Rhodes estimated that between 12,000-14,000 yellow rubber ducks made their way down the Stillaguamish River, from Lincoln Bridge to Haller Park.

The prizes included $5,000 for the first finisher, $2,000 for the second, $1,000 for the third, and the fourth through 10th-place winners each received a $50 gift certificate to a local Arlington business.

Rhodes estimated that the Duck Dash would net between $42,000-$50,000, and praised the Arlington Fourth of July Festival as a whole.

Fireworks

This year marked Loren and Kathryn Murray’s first time coming from their home in Camano Island to see Arlington’s fireworks show.

“Our son is a reserve police officer in Arlington, and he’s been telling us for the past several years that we’ve been missing a pretty spectacular show,” Kathryn Murray said. “We thought we’d try it tonight, especially with such nice weather.”

The Murrays’ son recommended the Arlington fireworks show to his parents based on its display and “relaxing crowd,” something that his father appreciated.

“We’ve done the Seattle thing and fought traffic for hours afterward,” Loren Murray said. “We wanted something a little different this year, without the big crowds.”

William Frankhouser of Arlington has only been married “a few years,” and the Arlington Fourth of July Festival, including the fireworks show, has been a family tradition for three of those years.
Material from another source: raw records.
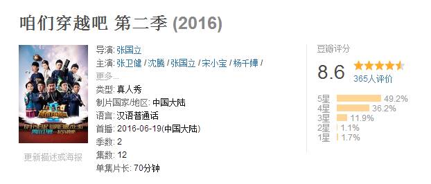 作为参考,《极限挑战》是9.1分,所以,《咱们穿越吧》的8.6分已经蛮高!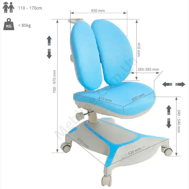 Ортопедичне крісло для школяра блакитного кольору з регулюванням висоти та глибини.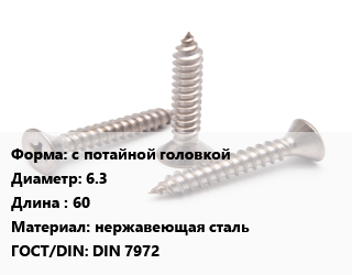Саморез с потайной головкой D=6.3 L=60 нержавеющая сталь ГОСТ: DIN 7972

The fireworks show marks the conclusion of each year’s Frankhouser family celebration of the Fourth of July, which begins with a barbecue at home, followed by a trip to the Grand Parade.

“I like that they keep it local,” Frankhouser said of the Grand Parade. “Sometimes it’s a little eccentric, but it’s fun to see the John Deere tractors and all the little kids running around.”

Frankhouser is a member of the Arlington-Smokey Point Chamber of Commerce, and donated $50 toward this year’s fireworks show through the Chamber.

“I enjoy that Arlington puts the money and volunteers into putting together a family event for everyone,” Frankhouser said.